He awoke again sometime between 6 and 7 a.m. The wind still howled, and now the water pelted the family’s five living room windows at a perpendicular angle. His wife, Heather, was already up, chatting on the phone with their oldest daughter in South Carolina. Now Matthew joined her marveling at the storm outside. Their younger daughter Jocelyn, a high school freshman, had planned to watch a Hallmark movie — a weather advisory had closed schools — but instead she, too, watched the windows. The pelting rain hosed the glass like a carwash jet. Meanwhile Titus, a redheaded high school senior, slept down the hall. A hunting rifle and a signed photograph of actor Mark Hamill decorated the walls around his bed.
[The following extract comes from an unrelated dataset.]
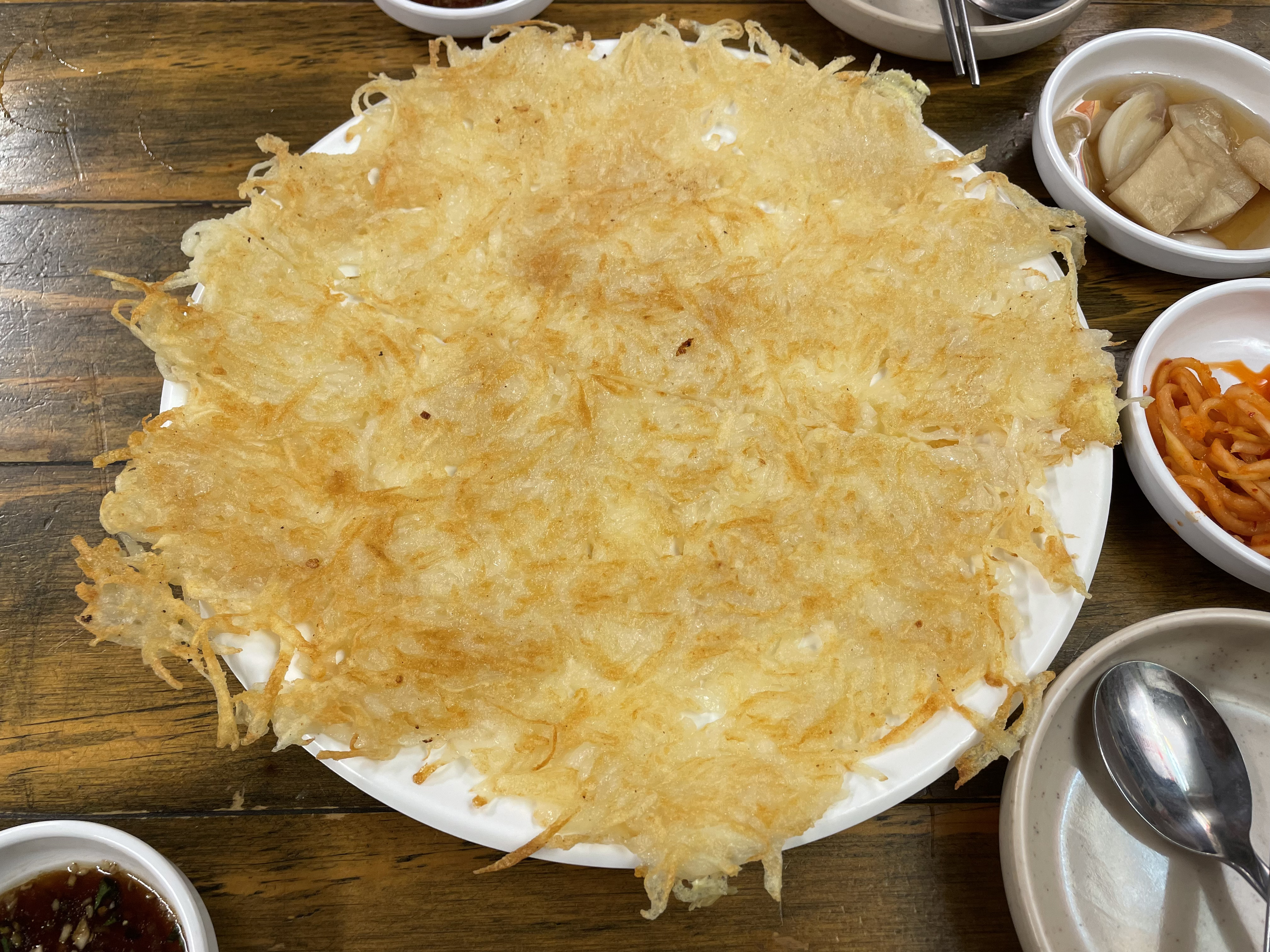얇게 채썬 감자에 강판에 직접 간 것 같은 감자로 버무려 바삭하게 익혔다.

Jocelyn and Titus’s father was many things. He worked in construction during the day, and as a Baptist pastor at night. But Matthew Templeton also had a hobby: an autograph collection that held thousands of pieces valued at hundreds of thousands of dollars. It had become something he and Titus worked on together — something lighthearted and fun that doubled as a source of secondary income. Matthew kept the artifacts in a rented storage unit two minutes down the mountain, near the banks of the swollen Swannanoa River.

Helene made landfall in Florida as a category 4 hurricane, though it weakened to a tropical storm by the time it reached North Carolina on September 27, 2024. | Gallo Images via Getty Images

He’d been down to check on the storage unit just the day before. The building manager was in the parking lot, working to fortify the drain. Forecasts had warned about the approach of Hurricane Helene. No forecast, however, could have conveyed the scale of devastation that would come with it, with over 200 killed throughout the South and over 1,000 homes destroyed in western North Carolina alone. Helene swept 30-foot walls of moisture into mountain valleys far from the coasts where hurricanes tend to do their worst damage. It would leave Asheville without running water, working electricity and cell service for weeks and caused an estimated $53 billion in damage to key infrastructure. Its aftermath was downright apocalyptic, on a scale and of a severity rarely seen in the modern United States. Yet at the time, watching the storage unit building manager prepare the parking lot for the worst, Matthew didn’t think much of it. The next morning, still watching rain pelt the windows, an emergency alert flashed on his phone. It warned residents throughout the community of a nearby dam at capacity. It warned of catastrophic flooding. Matthew decided to make one more trip to the storage unit, to move what he could to higher shelves. Most of the collection was paper — posters and photographs and cards. Water would destroy it. If he acted quickly, he thought, a small flood wouldn’t mean the end of a 30-year project.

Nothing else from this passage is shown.